I agree with Elizabeth Esther.

To know that I was loved unconditionally.. that was exactly what I was looking for when I asked that question as a kid. I felt loved to know that my parents loved my brother and I equally… and that they loved each other and both of us, with their whole heart.

20
Anonymous's picture

I liked your answer, and basically agree with the reasoning behind it, but, if my husband and I had children of our own that wouldn’t have been what I’d have said - maybe it’s the mother in me. I would have said, “I love you just as much, but in a very different way. I loved your Daddy first, and there wouldn’t be a You if it weren’t for me loving Daddy. God made Mommy and Daddy to be together until we die. God made you to grow up and leave Mommy and Daddy and marry someone you will love until the day you die. But through all that, we will always love each other.”

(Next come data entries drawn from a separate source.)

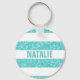 Trendy e divertida Chaveiro de Olhar Stripes de Sparkle. Este design apresenta um padrão de risca de aparência brilhante e falsa em turquesa. Adicione texto a este design para lhe dar um toque pessoal.
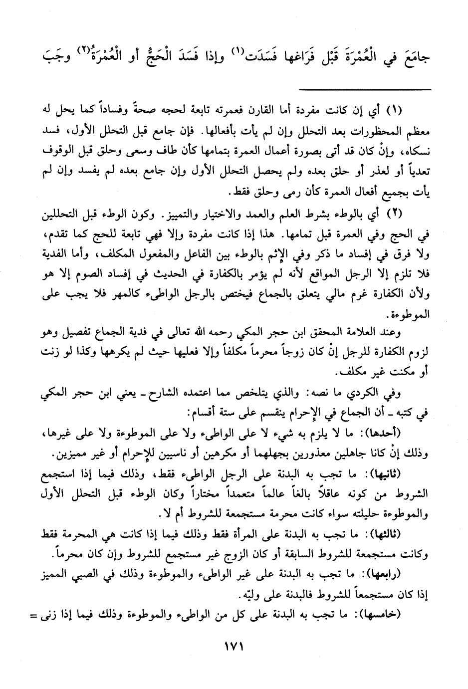 وفي الكردي ما نصه: والذي يتلخص مما اعتمده الشارح -يعني ابن حجر المكي في كتبه- أن الجماع في الإحرام ينقسم على ستة أقسام:
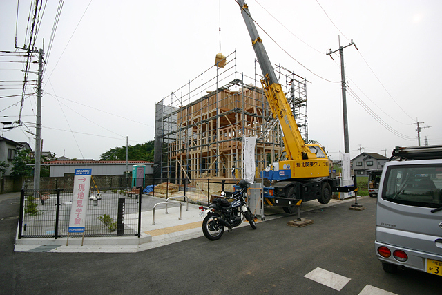 江曽島モデルハウス、建て方二日目の午後です。
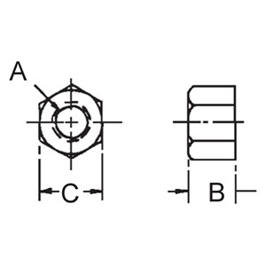 High-quality heavy-hex nut. Available in steel with thread sizes from 1/4-20 to 1-1/4"-7 (M6 to M30 in metric), and in stainless steel with thread sizes from 1/4-20 to 3/4-10. Many inch sizes are also available with fine thread pitch.

Now, I have a 19 and 17 year old from a previous marriage - from my pre-Christian life. It would be pointless to tell these children that I loved their father more than them. They know their father was an addict, and unfaithful - but the truth is had I become a believer then, and had I loved him more than them I probably would not have been the one to file for divorce. (I say probably because the adultery may have been too much to overcome.) But the point is, they know who I loved more, and they’ve suffered for it. Our culture tells us to love our children above all else, and in the name of loving our children we tear apart their families by divorce;and worse, we send them into the world with the self-centered notion that they, and their happiness is the purpose of it all - that they are the center of their universe. Their happiness is, ironically enough, worth any misery it causes themselves or anyone else who gets in the way of it. And worst of all, this profoundly impacts their ideas of God, and His purposes. They become very susceptible to the man-centered gospels which are so prevalent and popular, which present a God who is devoted first and foremost to their happiness, as they define it. They want to believe that they are first and foremost in God’s affections - that they are the center of His universe.

21
Anonymous's picture

Truth in Love is never too far off the mark ;)

22
Anonymous's picture

Coming from a divorced family where my father accused my mother of the very thing, I believe you answered rightly. My mother admits to this day it was to own chagrin.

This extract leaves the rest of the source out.